ACTIVITY – The line containing "Ebenová barva, nezdá", plus every line that follows it to the end of the listing below, is what you transcribe exactly; omit all pictures.

DATASET EXCERPT –
Content starts

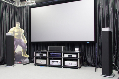 また隣接する大型試聴ブースは、例年ではHi-Fiコンポーネントのデモにあてられていたが、今回は映画館のような座席までを構えたホームシアターを用意。デノンのコンポーネントを中心に、映画館さながらのサウンドが楽しめることをアピールしていた。
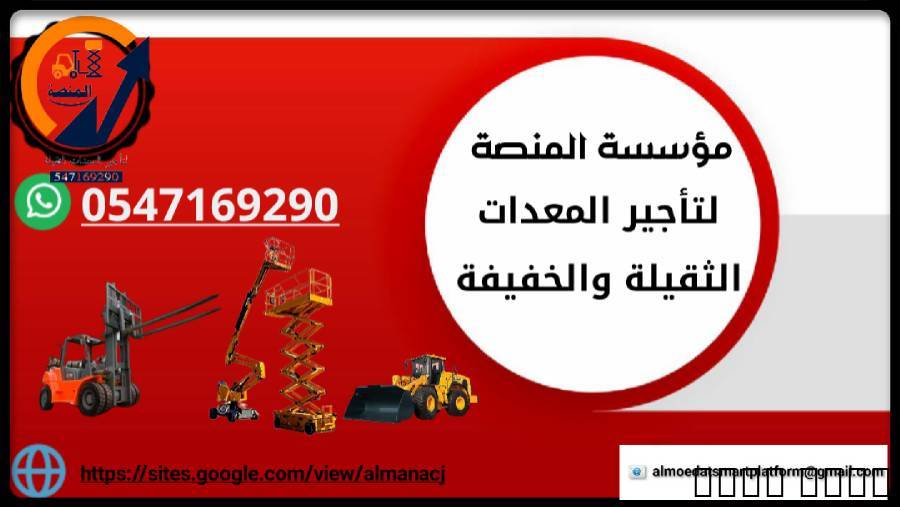جميع المعدات جاهزة للتأجير – وكالة المنصة | الرياضفي عالم المشاريع، الجاهزية تبدأ من المعدات.  نحن في وكالة المنصة لتأجير المعدات الثقيلة والخفيفة نوفّر لك كل ما تحتاجه من معدات حديثة، جاهزة للتشغيل، وتخدم جميع مراحل العمل من التأسيس إلى التشطيب.المعدات المتوفرة لدينا تشمل:معدات الرفع:- مان لفتات بجميع الأطوال (10 إلى 45 متر)  - سيزرلفتات كهربائية وديزل (6 إلى 18 متر)  - رافعات شوكية (كهربائية – ديزل – غازية) من 1.5 طن إلى 10 طن  - كرينات متعددة الأحجاممعدات الحفر والتحميل:- بوكلينات  - شيولات  - بلدوزرات  - جي سي بي (JCB)  - بوكات صغيرة للمواقع الضيقةمعدات خفيفة ومساندة:- مولدات كهربائية  - ضواغط هواء  - رافعات مواد  - معدات تشطيب وتنظيف  - أدوات دعم للمواقع الصناعية والتجاريةمزايا التأجير من المنصة:- تأجير يومي، أسبوعي، شهري حسب احتياجك  - جاهزية فورية وصيانة دورية  - موديلات حديثة لعام 2025  - توصيل سريع داخل مدينة الرياض  - تواصل حصري عبر واتساب فقطللتواصل والحجز:  واتساب فقط: 0547169290  الرياض – المملكة العربية السعوديةالمنصة لتأجير المعدات – كل المعدات في مكان واحد، جاهزة وقت ما تحتاجها.
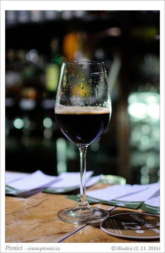 Ebenová barva, nezdá se zakalené, slušná nižší béžová pěna, dobře drží.Vůně (4 - výborné):
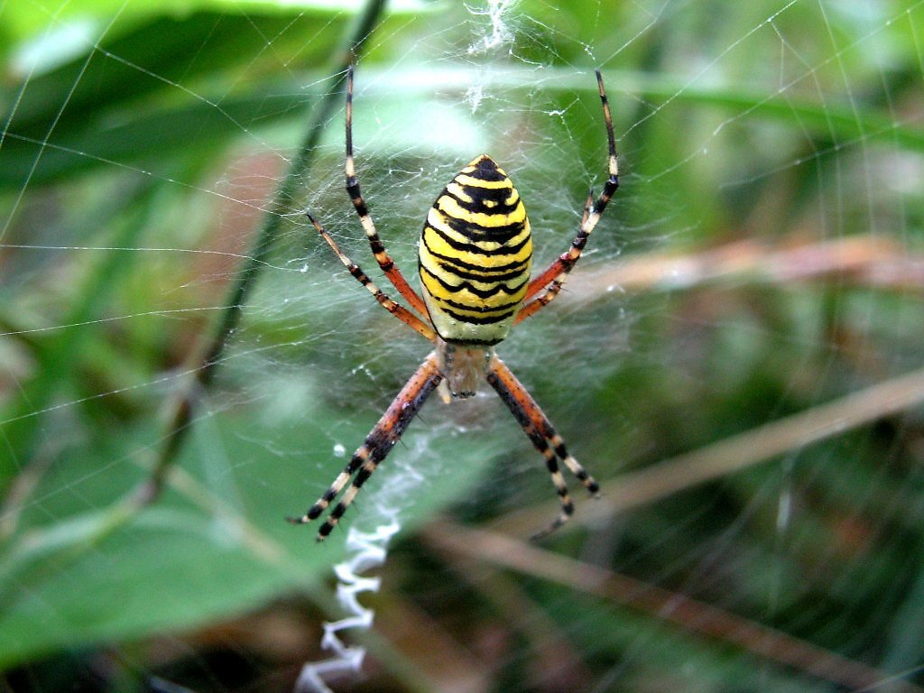 Кажется, в первый раз я увидела их в жаркое и засушливое лето 2010 года. Помните, что тогда было? Словно мы не в прохладном регионе обитаем, а рядом с пышущей жаром духовкой. Вот тогда, примерно в середине лета я в первый раз заметила на траве странную паутину. Вроде паутина как паутина, но там чётко выделялся шов. Я бы его назвала зигзагом, причём из намного более толстой нити, не прозрачной, а почти белой. В то ненормальное лето я не раз встречала и эти странные штопаные паутины, и сидящих на них ярко окрашенных пауков. Потом, в следующие годы, пауки куда-то пропали. По крайней мере их странные паутины с хорошо заметной «штопкой» мне не попадались. Но этим летом в цветнике снова знакомая паутина. Неужели нас опять ждёт жара и засуха?! Я решила выяснить, что это за паук. Оказалось, что аргиопа Брюнниха, или паук–оса (действительно похож!). Обычно они живут в более тёплых регионах, рядом со степями и даже пустынями. Но иногда оказываются севернее. Например, у нас в Подмосковье. Рассел

Content ends

EXERCISE SOLUTION –
 Ebenová barva, nezdá se zakalené, slušná nižší béžová pěna, dobře drží.Vůně (4 - výborné):
 Кажется, в первый раз я увидела их в жаркое и засушливое лето 2010 года. Помните, что тогда было? Словно мы не в прохладном регионе обитаем, а рядом с пышущей жаром духовкой. Вот тогда, примерно в середине лета я в первый раз заметила на траве странную паутину. Вроде паутина как паутина, но там чётко выделялся шов. Я бы его назвала зигзагом, причём из намного более толстой нити, не прозрачной, а почти белой. В то ненормальное лето я не раз встречала и эти странные штопаные паутины, и сидящих на них ярко окрашенных пауков. Потом, в следующие годы, пауки куда-то пропали. По крайней мере их странные паутины с хорошо заметной «штопкой» мне не попадались. Но этим летом в цветнике снова знакомая паутина. Неужели нас опять ждёт жара и засуха?! Я решила выяснить, что это за паук. Оказалось, что аргиопа Брюнниха, или паук–оса (действительно похож!). Обычно они живут в более тёплых регионах, рядом со степями и даже пустынями. Но иногда оказываются севернее. Например, у нас в Подмосковье. Рассел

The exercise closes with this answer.